** Opening Input block **
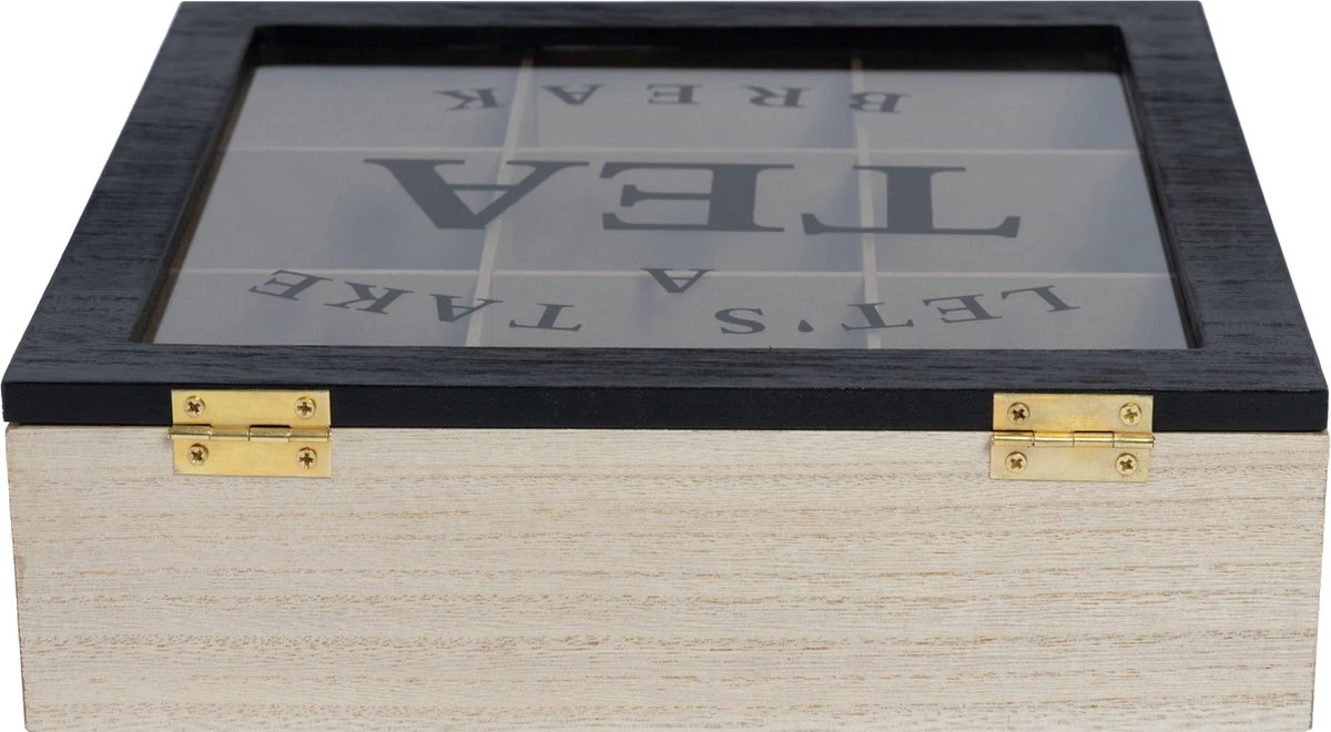 Theekist – Bruin – Hout 9-Vaks – Glazen Deksel – Theedoos – Tea Break
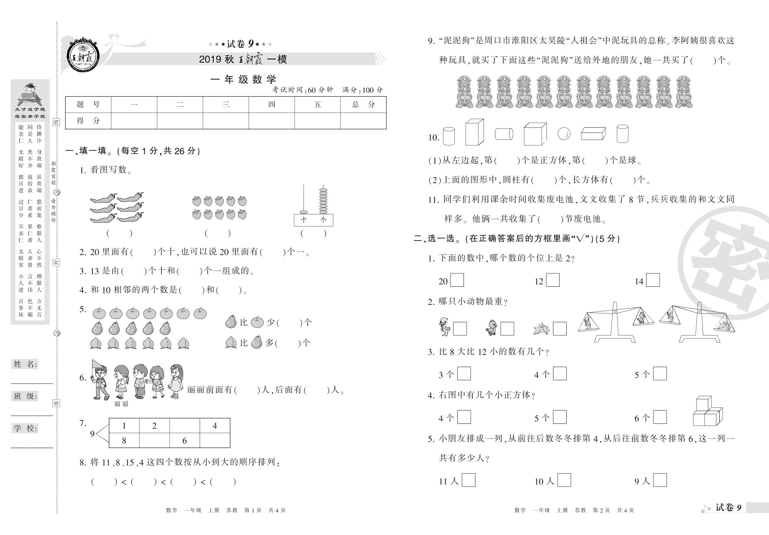 王朝霞期末模拟卷一年级上册数学(苏教版)_R210802215853【9】
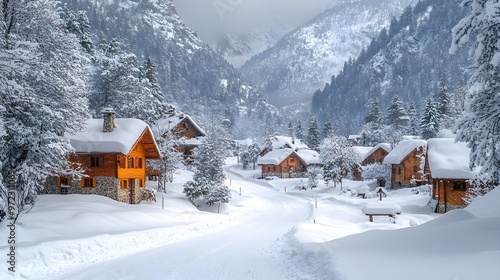 Remote mountain village blanketed in snow, winding paths between houses, gentle snowfall creating a peaceful winter wonderland, soft natural light
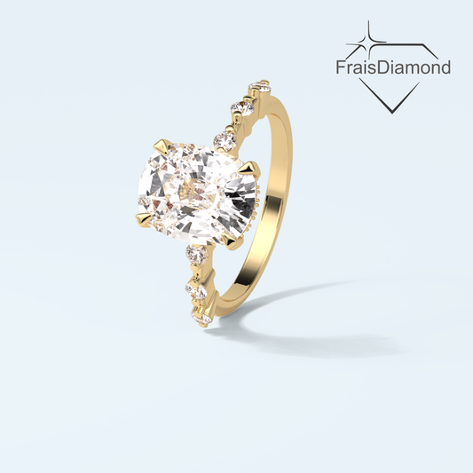 4.24 TCW Timeless Romance Cushion Cut floting bubble pave Moissanite Engagement Ring with Round cut Side Stones
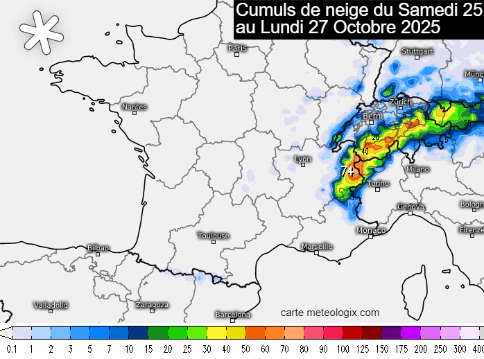Cumuls de neige prévus sur les reliefs du samedi 25 au lundi 27 octobre 2025 - meteologix.com
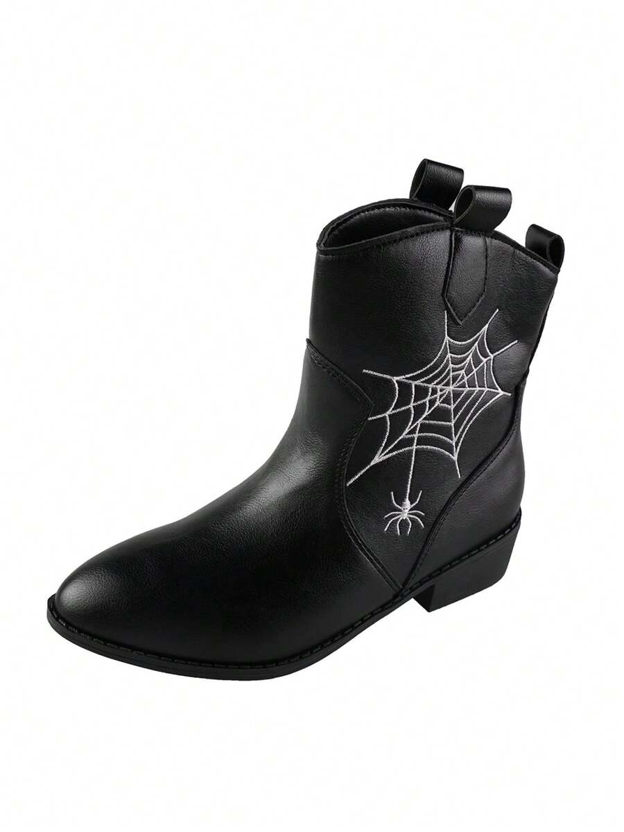 Goth Women Spider Web Embroidered Point Toe Western Boots, Cool Outdoor Fashion Boots
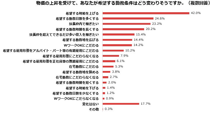 - 物価の上昇を受けて、希望する勤務条件はどう変わりそうか 1位「希望する時給を上げる」42.0%
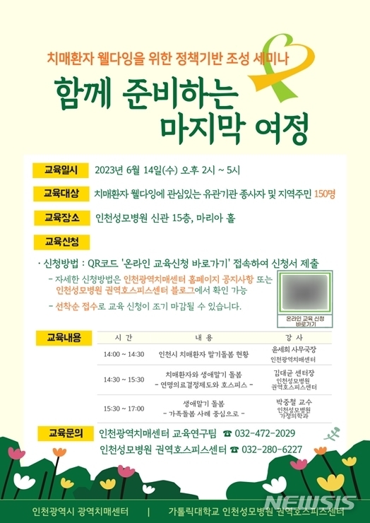 '함께 준비하는 마지막 여정'을 주제로 열리는 이번 세미나는 인천광역치매센터와 인천성모병원 권역호스피스센터가 공동 주관한다.
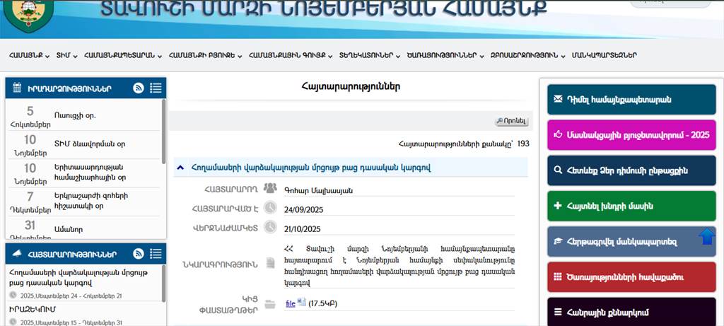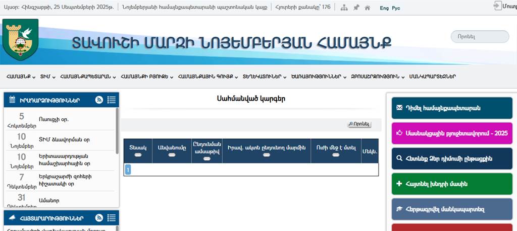 Նոյեմբերյանի համայնքապետարանի պաշտոնական կայք
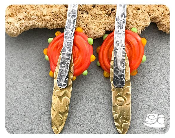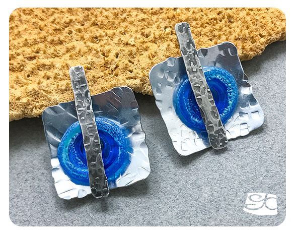 Combine metals, texture and colored glass to make unique one of-a-kind earrings.
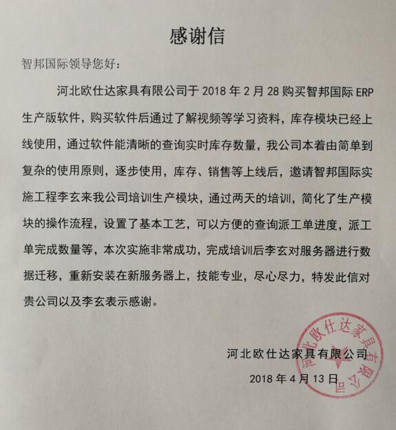 随着河北欧仕达家具有限公司的发展,客户群扩大,业务量增多,仓储以及采购的管理,已经不是传统办公方式所能胜任,为了实现内部快捷高效办公,公司管理层决定上一套信息化管理系统;经过功能、软件商资质等层层筛选,最终决定与智邦国际合作,协助企业实现科学信息化管理;在了解客户情况后,智邦国际实施工程师立即根据其情况制定了实施方案,为其部署了智邦国际ERP系统。
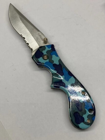 Blue Camo Knife – Combo Blade Liner Lock Pocket Clip – YK-102C
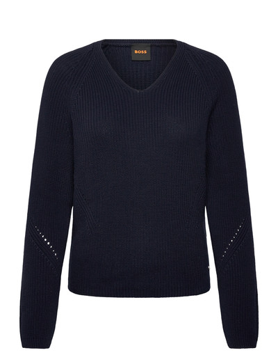 Denna stickade tröja har en bekväm V-ringning och ger en raffinerad look. Raglanärmar och subtila detaljer vid axlarna ger en sofistikerad touch till detta mångsidiga plagg.
** Closing Input block **
_Exercise details_:
Would you transcribe all of the data exactly, apart from its pictures?

_Response area_:
 Theekist – Bruin – Hout 9-Vaks – Glazen Deksel – Theedoos – Tea Break
 王朝霞期末模拟卷一年级上册数学(苏教版)_R210802215853【9】
 Remote mountain village blanketed in snow, winding paths between houses, gentle snowfall creating a peaceful winter wonderland, soft natural light
 4.24 TCW Timeless Romance Cushion Cut floting bubble pave Moissanite Engagement Ring with Round cut Side Stones
Cumuls de neige prévus sur les reliefs du samedi 25 au lundi 27 octobre 2025 - meteologix.com
 Goth Women Spider Web Embroidered Point Toe Western Boots, Cool Outdoor Fashion Boots
 - 物価の上昇を受けて、希望する勤務条件はどう変わりそうか 1位「希望する時給を上げる」42.0%
 '함께 준비하는 마지막 여정'을 주제로 열리는 이번 세미나는 인천광역치매센터와 인천성모병원 권역호스피스센터가 공동 주관한다.
 Նոյեմբերյանի համայնքապետարանի պաշտոնական կայք
 Combine metals, texture and colored glass to make unique one of-a-kind earrings.
 随着河北欧仕达家具有限公司的发展,客户群扩大,业务量增多,仓储以及采购的管理,已经不是传统办公方式所能胜任,为了实现内部快捷高效办公,公司管理层决定上一套信息化管理系统;经过功能、软件商资质等层层筛选,最终决定与智邦国际合作,协助企业实现科学信息化管理;在了解客户情况后,智邦国际实施工程师立即根据其情况制定了实施方案,为其部署了智邦国际ERP系统。
 Blue Camo Knife – Combo Blade Liner Lock Pocket Clip – YK-102C
 Denna stickade tröja har en bekväm V-ringning och ger en raffinerad look. Raglanärmar och subtila detaljer vid axlarna ger en sofistikerad touch till detta mångsidiga plagg.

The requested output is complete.